GPT-3.5-turbo fine-tuning plus document retrieval

My use-case is conditional generation using document retrieval to find relevant parts of the data model necessary to produce a DB query based on the user question. After reading the documentation for the new fine-tuning of GPT-3.5-turbo I wonder a few things:

Does the system prompt in the training dataset for the new fine-tuning approach always have to be exactly the same?
If so, I cannot add the retrieved documents there (because they are dynamic) and should add them to the user prompt?

Can the static part of my prompt which provides general guidelines for the model (currently GPT-4) be shortened to a generic unique prompt and the fine-tuned model basically learns these guidelines through the provided examples alone? Does that increase the required example count? If so, by how much?

Thanks for any helpful answers

If you are trying to “teach” the model new information, embeddings is the way to go. If you want to change the structure or way it response, then use fine-tuning.

From Fine Tuning Guide

When should I use fine-tuning vs embeddings with retrieval?

Embeddings with retrieval is best suited for cases when you need to have a large database of documents with relevant context and information.
By default OpenAI’s models are trained to be helpful generalist assistants. Fine-tuning can be used to make a model which is narrowly focused, and exhibits specific ingrained behavior patterns. Retrieval strategies can be used to make new information available to a model by providing it with relevant context before generating its response. Retrieval strategies are not an alternative to fine-tuning and can in fact be complementary to it.

1 Like

Thanks for the reply.

The narrow focus here would be the generation of valid DB queries that might be more complex than what GPT-4 is able to produce by default.

This is exactly what I would like to understand better: how to combine the two.

I have the same question. Do we have an answer to this problem? Is it necessary to send the retrieve documents when fine-tuning?

1 Like

I have the same question here.

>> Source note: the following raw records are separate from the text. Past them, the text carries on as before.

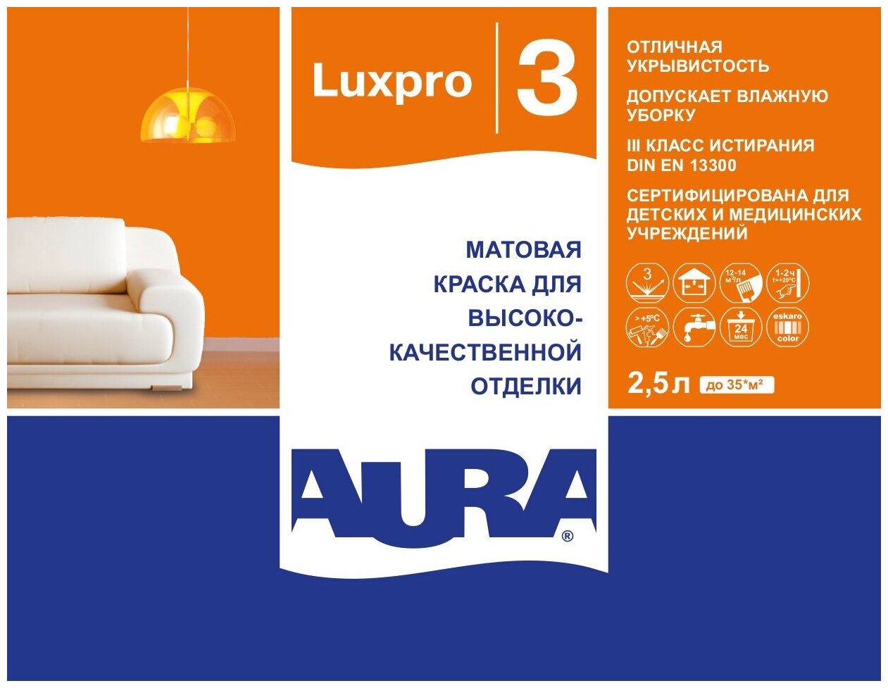 Матовая краска для высококачественной отделки. После высыхания образует абсолютно матовое покрытие (степень блеска 3), скрывающее погрешности нанесения и неровности поверхности. Допускает легкую влажную уборку (III класс износостойкости по DIN EN 13300). Экологичная, содержание ЛОС (летучие органические соединения) соответствует директиве Европейского Союза 2004-42-CE. Сертифицирована для детских и медицинских учреждений. Колеруется по системе Eskarocolor в пастельные и насыщенные тона (База А, TR).
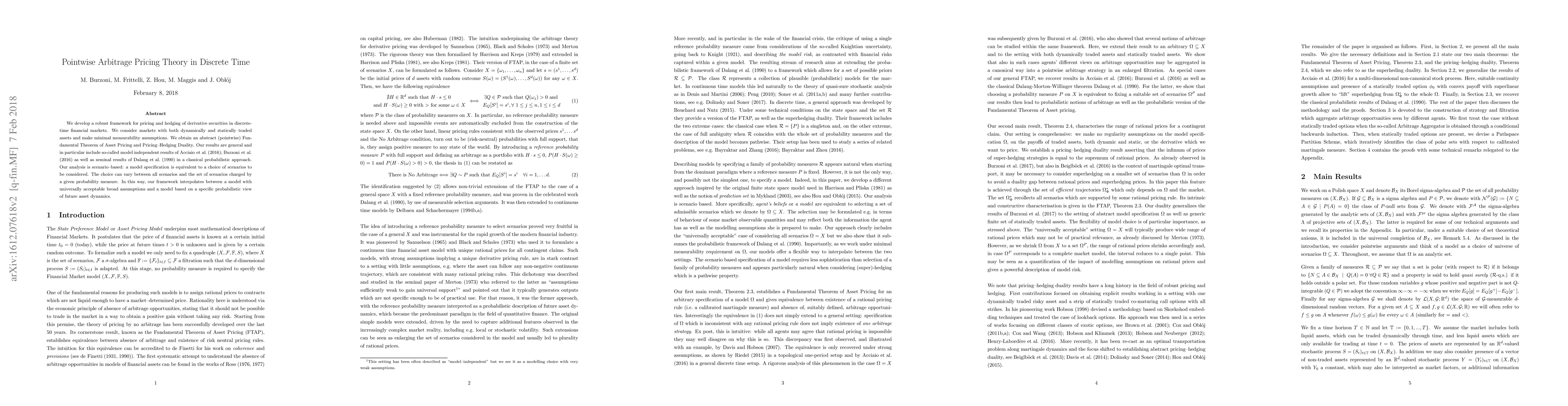 We develop a robust framework for pricing and hedging of derivative securities in discrete-time financial markets. We consider markets with both dynamically and statically traded assets and make minimal measurability assumptions. We obtain an abstract (pointwise) Fundamental Theorem of Asset Pricing and Pricing--Hedging Duality. Our results are general and in particular include so-called model independent results of Acciao et al. (2016), Burzoni et al. (2016) as well as seminal results of Dalang et al. (1990) in a classical probabilistic approach. Our analysis is scenario--based: a model specification is equivalent to a choice of scenarios to be considered. The choice can vary between all scenarios and the set of scenarios charged by a given probability measure. In this way, our framework interpolates between a model with universally acceptable broad assumptions and a model based on a specific probabilistic view of future asset dynamics.
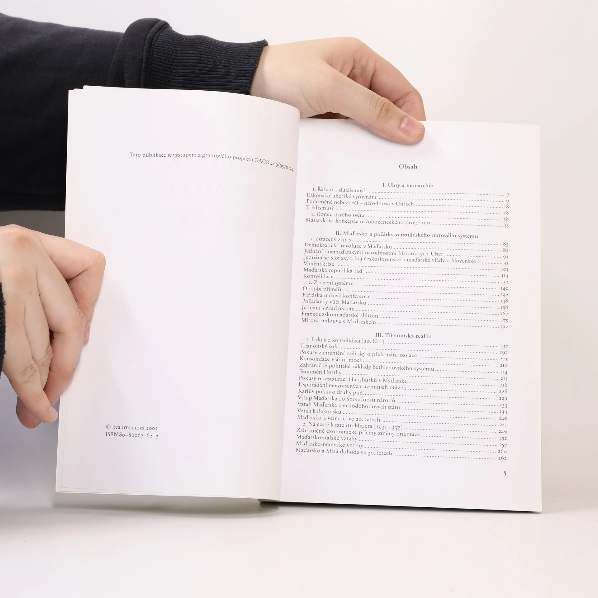 Z obsahu: Poválečný rozpad Rakouska-Uherska. Rozdělení a oslabení historických Uher. Pařížská mírová konference. Trianonská konference. Maďarsko v rámci versailleského systému. Úsilí o revizi výsledků pařížské mírové konference a idea Velkého Maďarska jako nosný pilíř maďarské politiky v období mezi dvěma válkami. Trianonské trauma maďarských dějin. 2. světová válka a její důsledky.
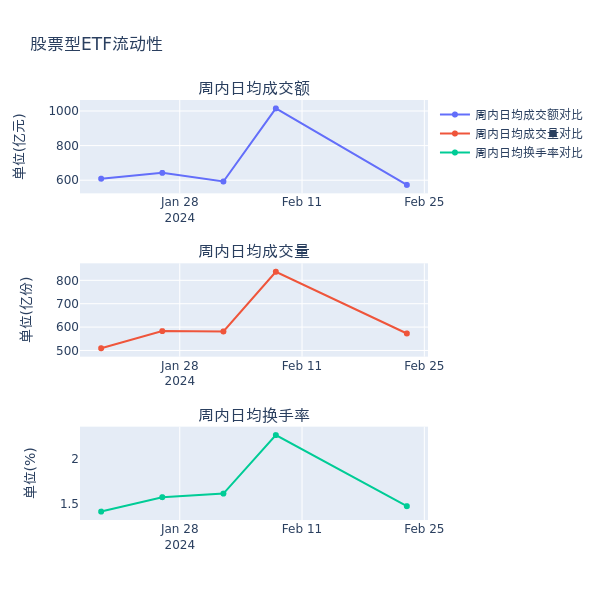 流动性方面,上周股票型ETF市场日均成交额减少43.6%,日均成交量减少31.5%,换手率减少0.79%。

We have some proprietary product information. Should I fine-tune the AI with lots of examples, or feed documents for retrieval? Also what should the template for the file be?

Hi and welcome to the Developer Forum!

If you are unsure of how to proceed I’d try with assistants and uploading your files, that way you need to do nothing to start with, and you’ll get an Idea of the performance. Should you wish to refine that at a later date, you can use pure coding methods to provide custom context for the base API calls, very rarely is fine tuning useful for company datasets, unless it’s for a particular style of speaking or ways of thinking, fine tunes do not encode raw data like prices and product specs, they encode the style of those product specs, the word choices.

1 Like

Thanks for the swift response!
If I go with the assistant route, what is my file supposed to look like? For example if I created a table on Excel with product specs, facts and information and uploaded it, does that work? I couldn’t find any template examples here

export your excel file to CSV and just upload that, should be all you need to do. There may even be .xlx and .xlxs converters, but they will only add lag to the calls, so CSV should work. Can try PDF or xlx or even json for complex hierarchical data.